(Stored records)
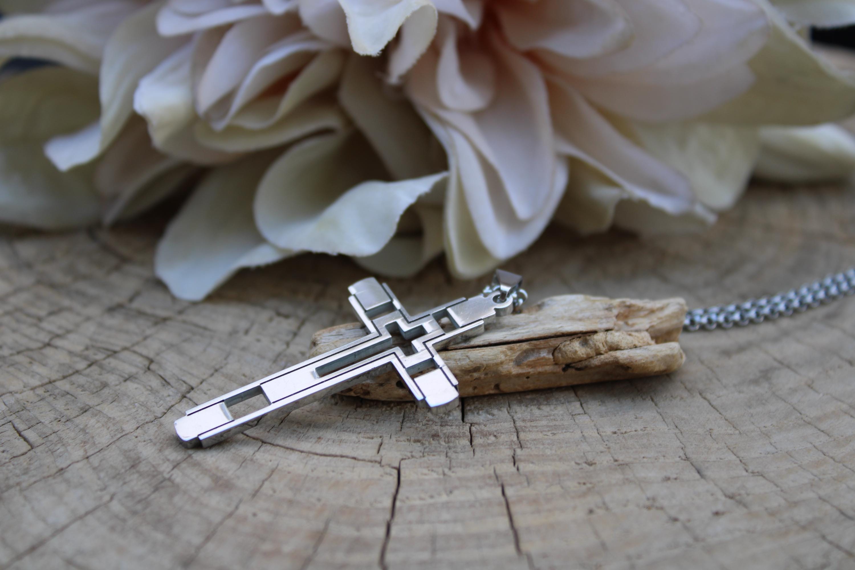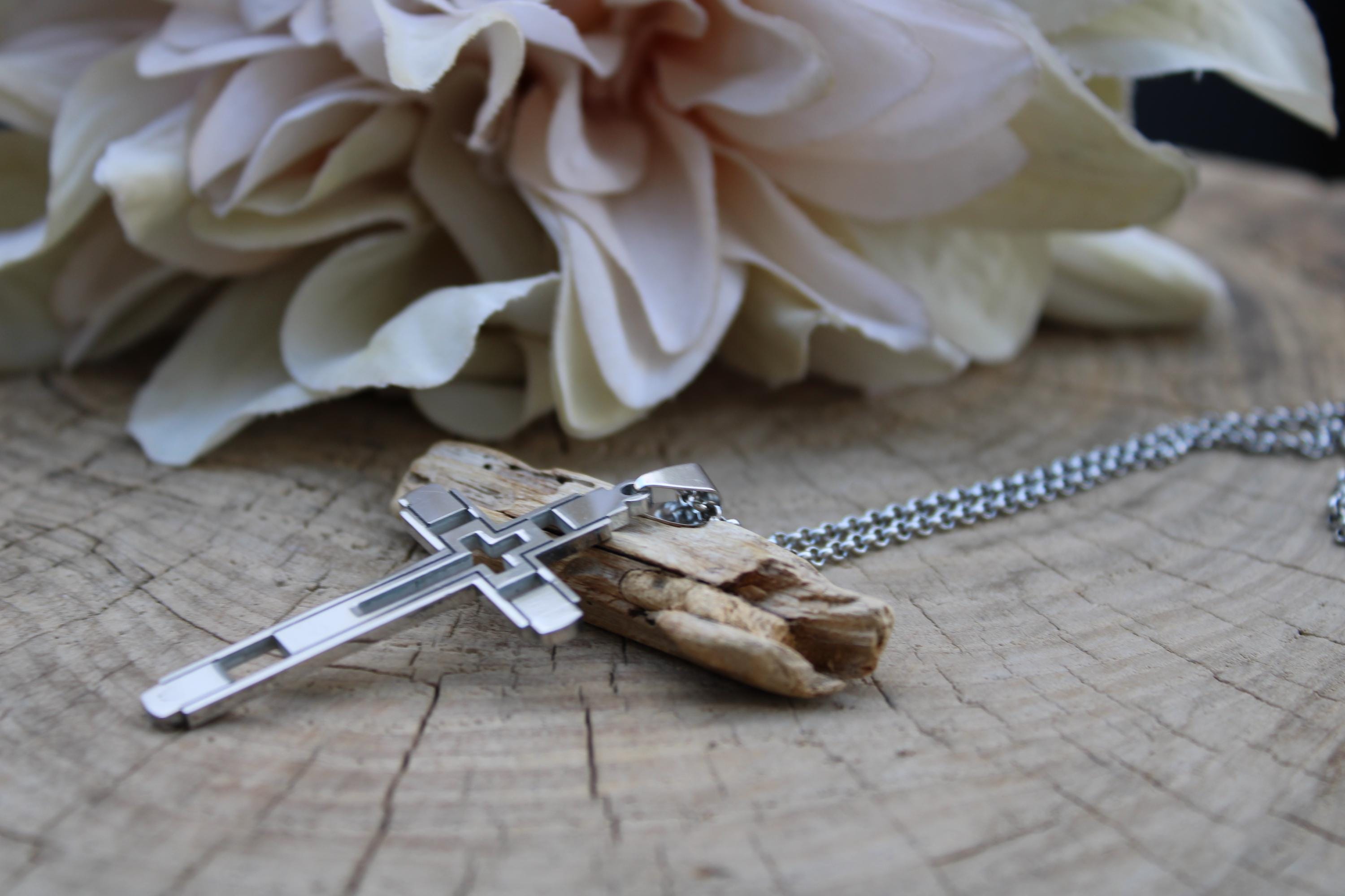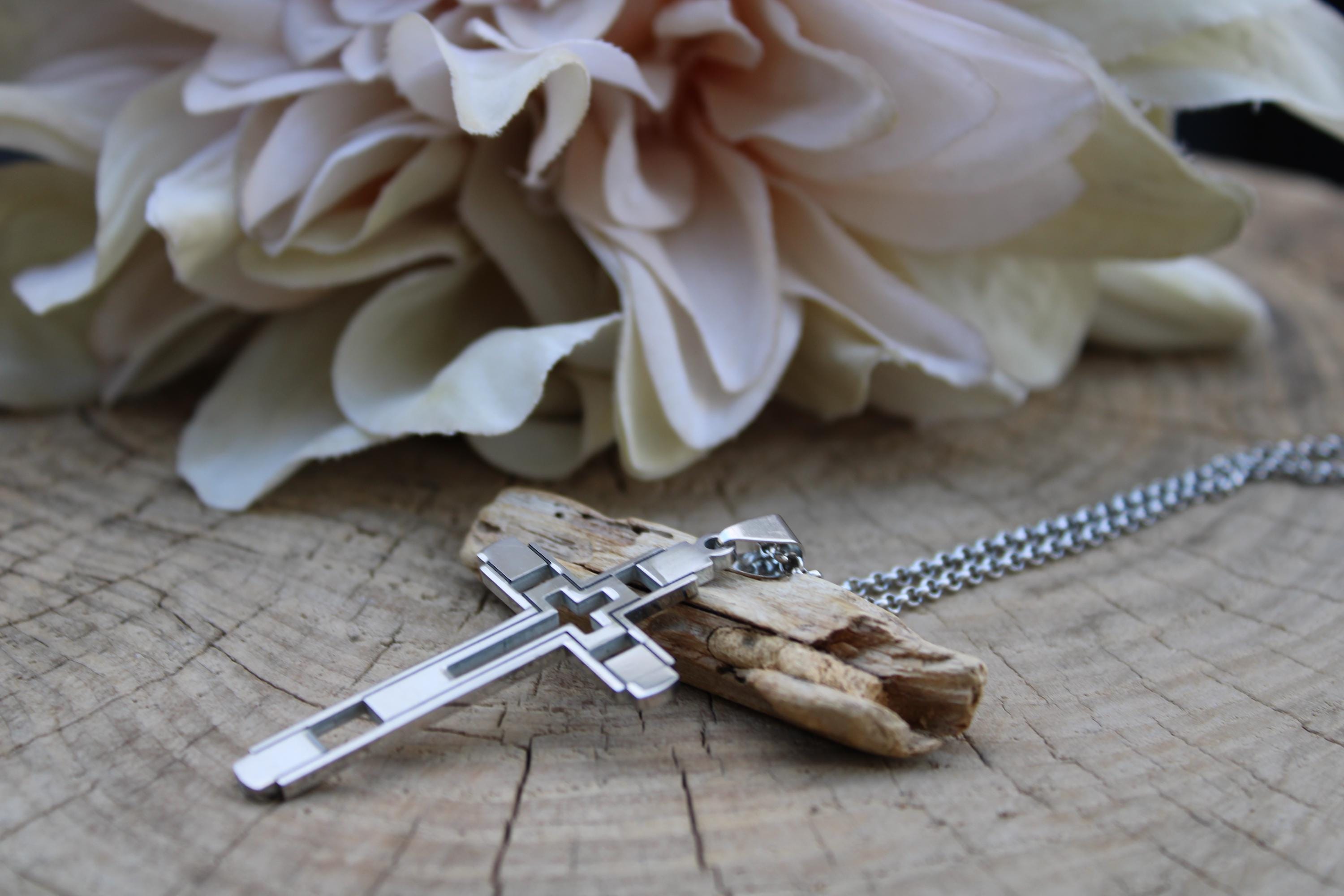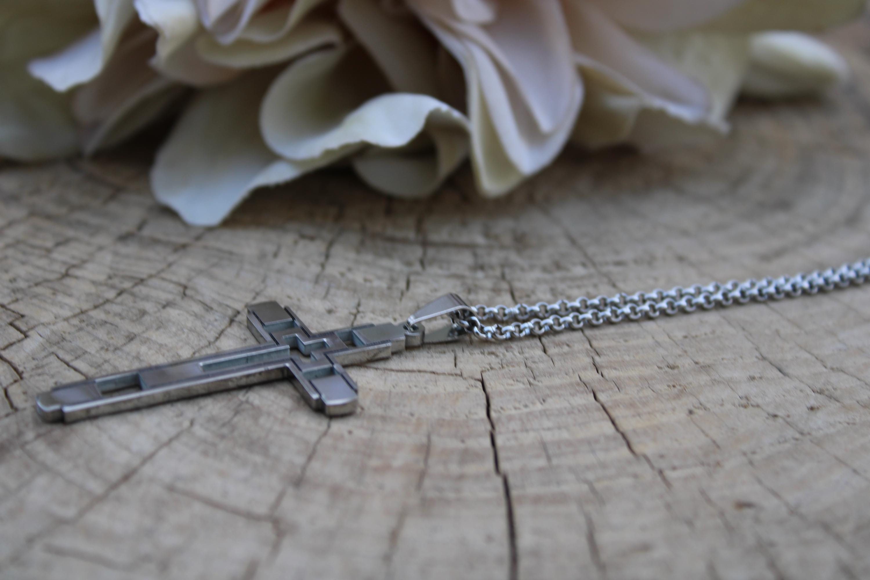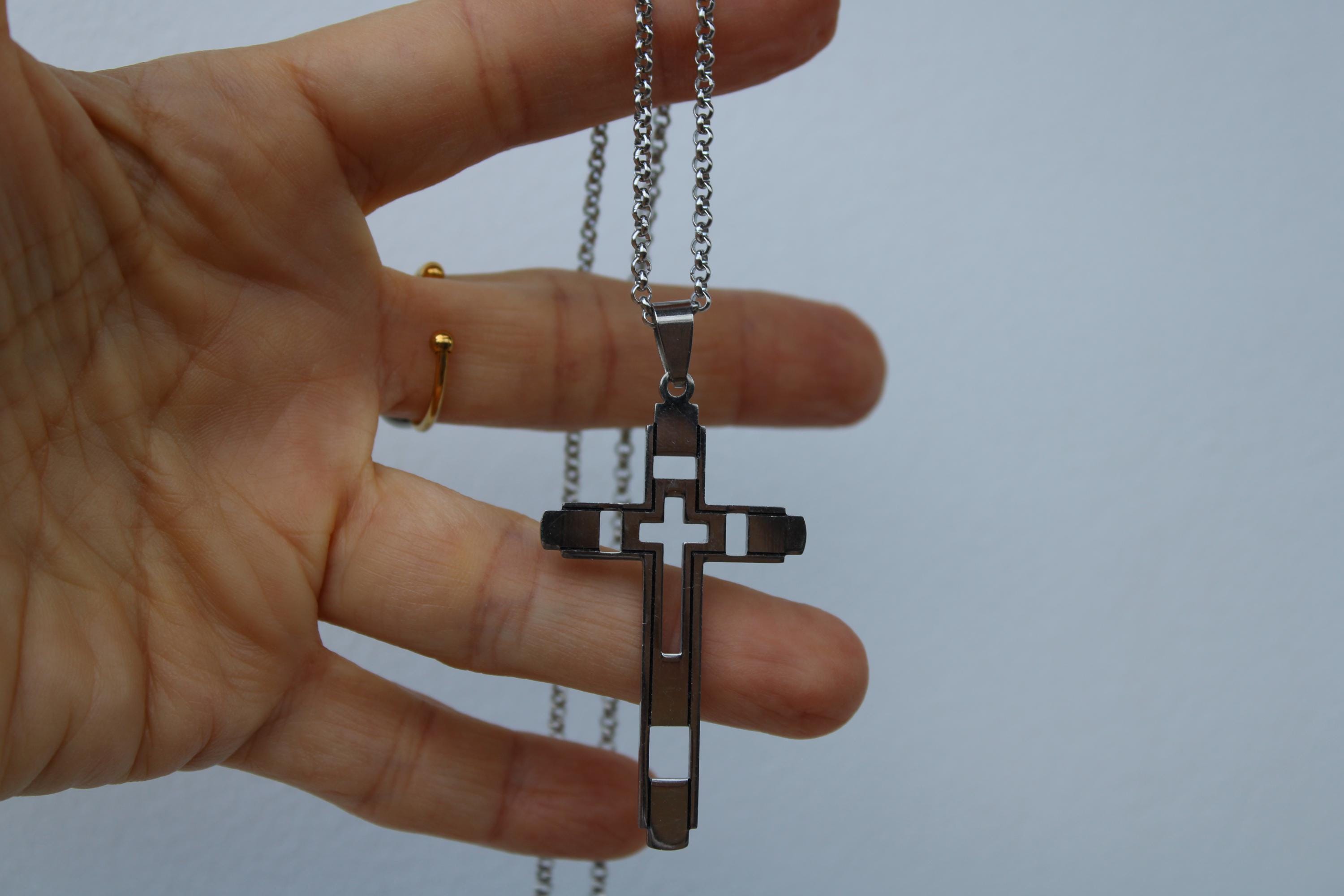 •This design features a large stainless steel cross pendant. Pendant measures 5.2 x 3.3cm.
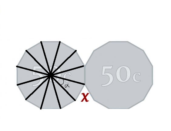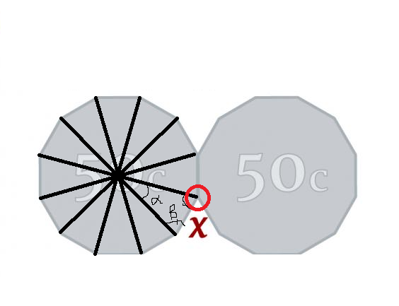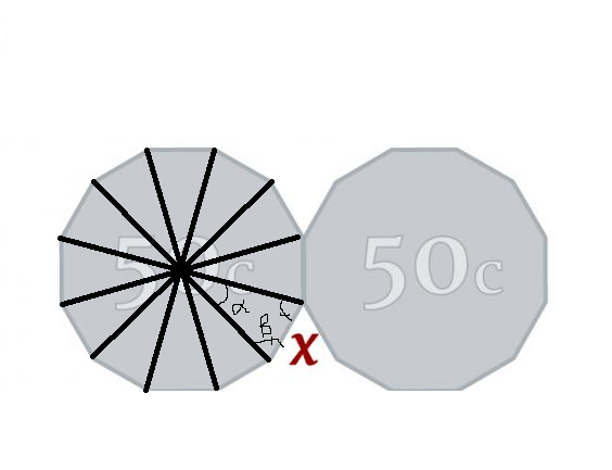 Because the center of the 50 cent coin encompasses 360 degrees, with edges that are broken off into 12 segments, you can divide 360 by 12 to get the angle of each triangle inside the coin. Let’s call that angle “alpha.”
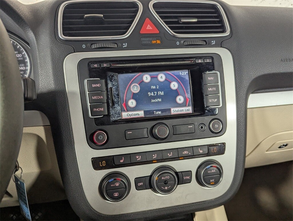Features: 17" Michigan Alloy Wheels, 4-Wheel Disc Brakes, 8 Speakers, ABS brakes, Air Conditioning, Alloy wheels, AM/FM radio: SiriusXM, Anti-whiplash front head restraints, Automatic temperature control, Brake assist, Bumpers: body-color, CD player, Convertible HardTop, Convertible roof lining, Convertible roof wind blocker, Driver door bin, Driver vanity mirror, Dual front impact airbags, Dual front side impact airbags, Electronic Stability Control, Emergency communication system: VW Car-Net, Four wheel independent suspension, Front anti-roll bar, Front Bucket Seats, Front Center Armrest, Front dual zone A/C, Front fog lights, Front reading lights, Glass rear window, Heated Front Seats, Heated front seats, Illuminated entry, Integrated roll-over protection, Leather Shift Knob, Leather steering wheel, Low tire pressure warning, Navigation System, Outside temperature display, Panic alarm, Passenger door bin, Passenger vanity mirror, Power convertible roof, Power door mirrors, Power driver seat, Power moonroof, Power passenger seat, Power steering, Power windows, Radio data system, Radio: RNS 315 Touchscreen Navigation System, Rear anti-roll bar, Rear seat center armrest, Rear window defroster, Remote keyless entry, Security system, Speed control, Speed-sensing steering, Steering wheel mounted audio controls, Tachometer, Telescoping steering wheel, Tilt steering wheel, Traction control, Trip computer, Turn signal indicator mirrors, V-Tex Leatherette Seating Surfaces, and Variably intermittent wipers.
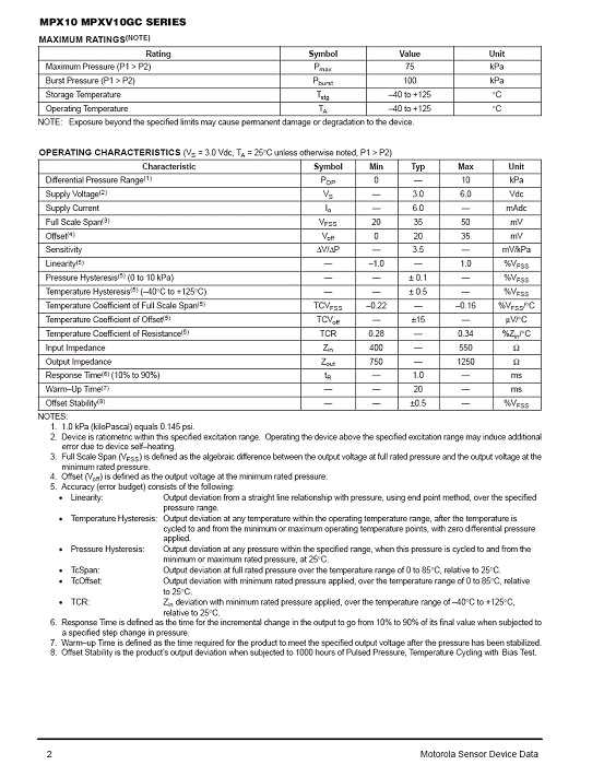 MPX10 氣壓傳感器(pressure sensor)
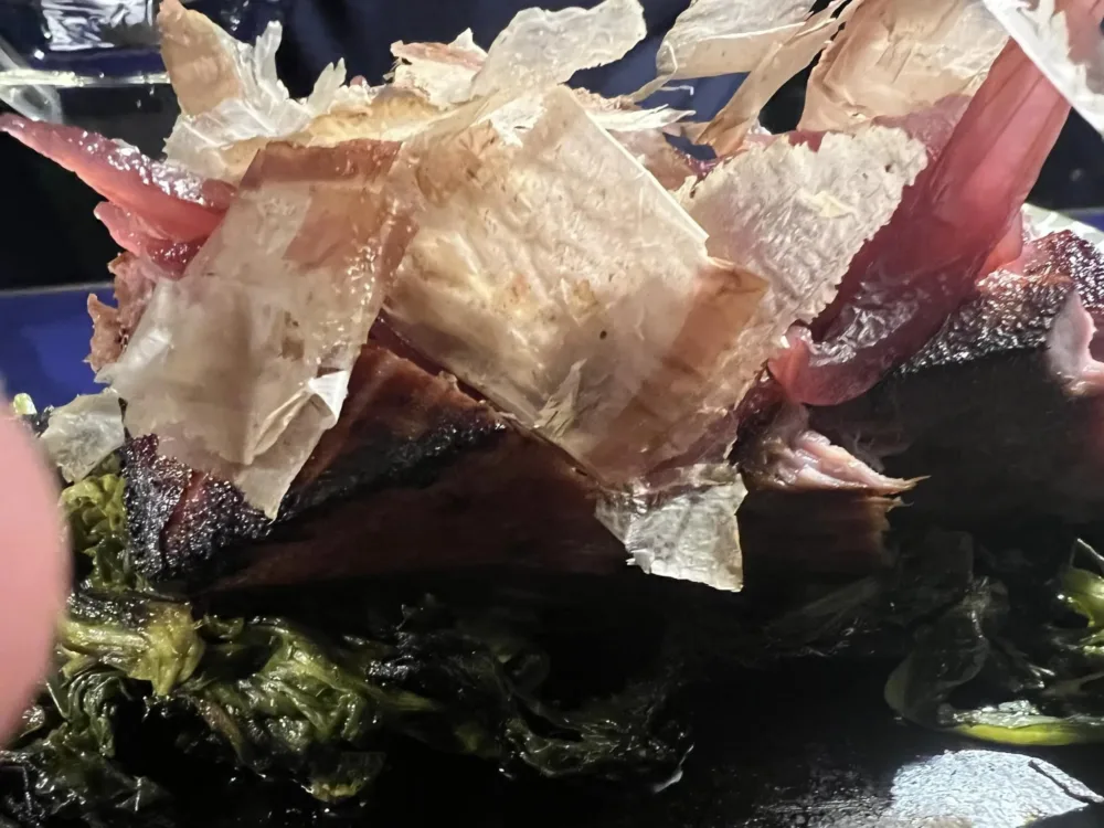 Il resto della cena è però andato alla grande, ci è piaciuto il modo di affrontare il tonno senza mediazioni sia con la polpetta in un ottimo sughetto di pomodoro sia come tataki, un filetto di carne in pratica.
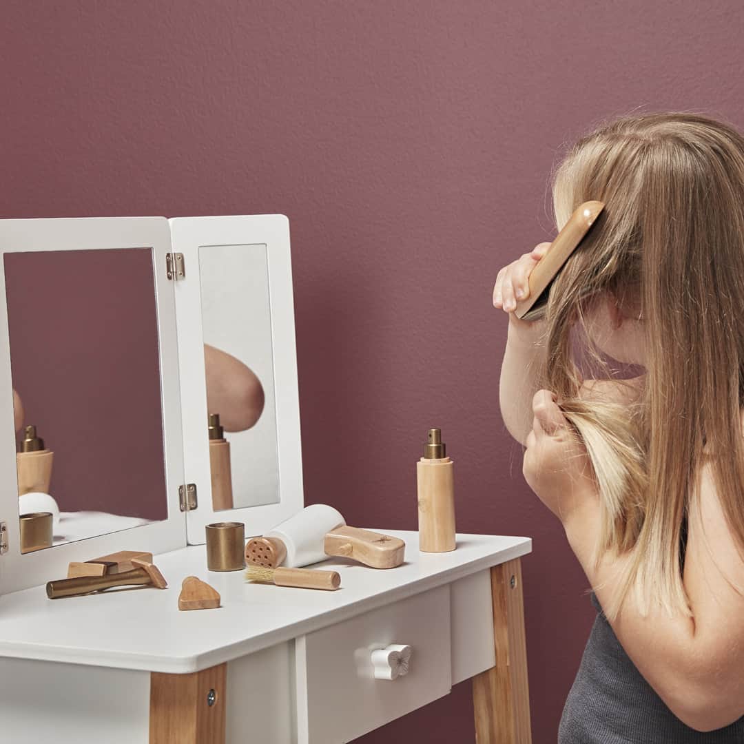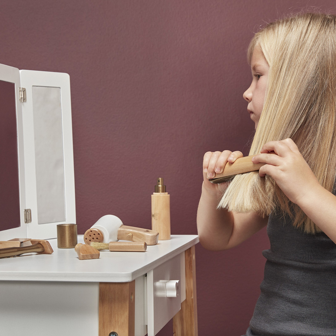 Nach dem Duschen wird geföhnt, gekämmt und aufgestylt – was für Mami zum nervigen Alltag gehört, ist für den Nachwuchs meist äußerst interessant. Mit diesem Frisier-Set lernen Kinder spielerisch, wofür all die Bürsten und Sprays gut sind – und können sich für die nächste Kuscheltier-Party aufstylen!
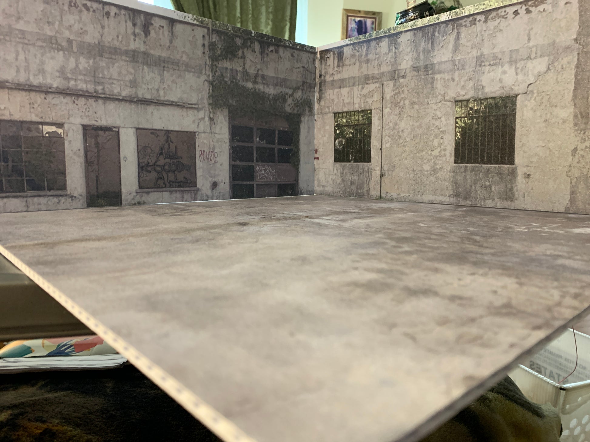 Heavy duty photo background of diner. Base measures 18x18 inches and sides are 9x18. Will store flat when not in use. Great for photographing your models at any angle & in any weather.
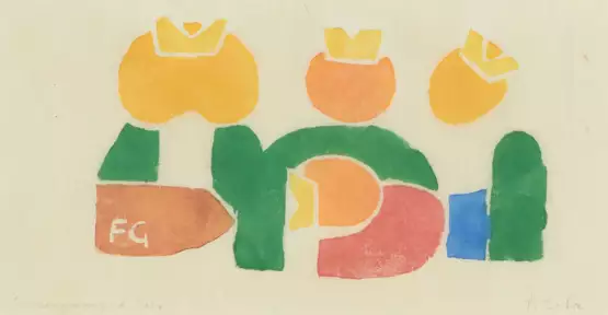 Sonnengesang. 1958. Farbholzschnitt. Unten rechts in Bleistift signiert. Unten links betitelt und bezeichnet: "8. Vers.". Blattgrösse 11x22,9 cm. Gerahmt.
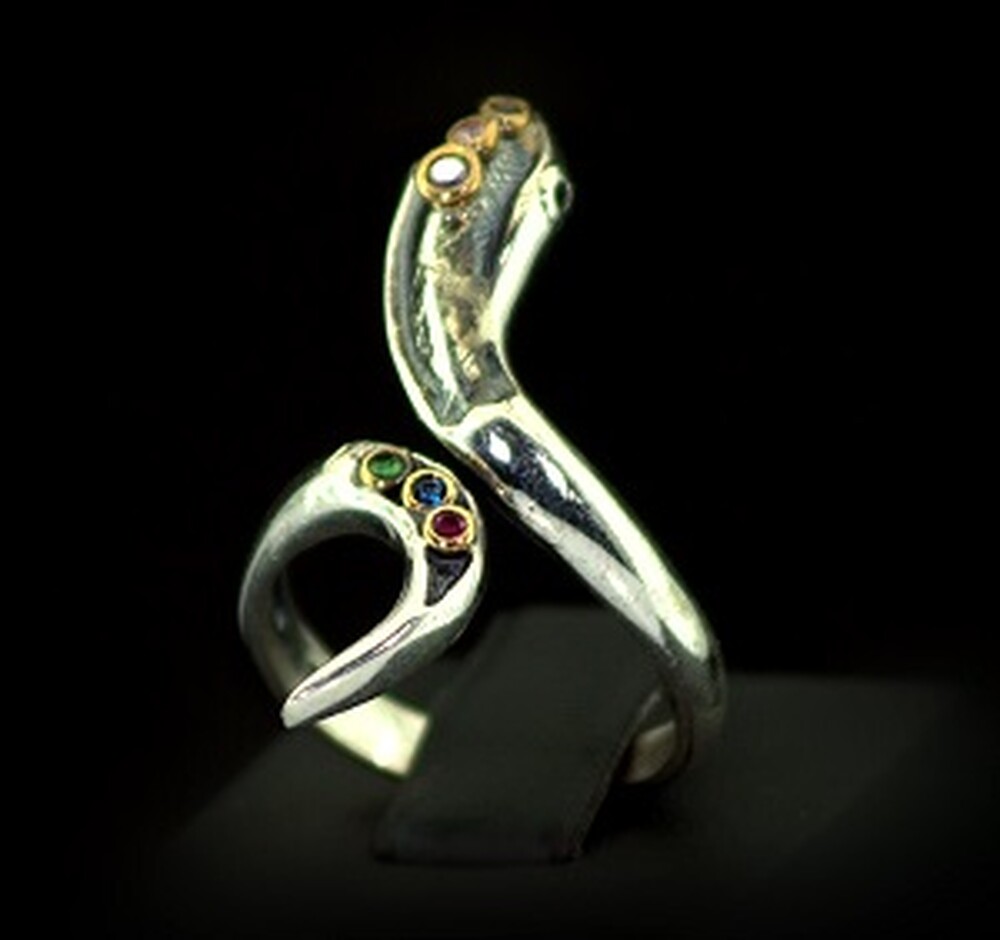 Серебряное кольцо ручної роботи 925 пробы 6,75 г с кольоровими цирконами 0,15 карат

▶ What is being asked:
Only the lines from the top of the data through the line with "Because the center" should be quoted, exactly and with both ends kept; skip the pictures.

▶ Problem solution:
 •This design features a large stainless steel cross pendant. Pendant measures 5.2 x 3.3cm.
 Because the center of the 50 cent coin encompasses 360 degrees, with edges that are broken off into 12 segments, you can divide 360 by 12 to get the angle of each triangle inside the coin. Let’s call that angle “alpha.”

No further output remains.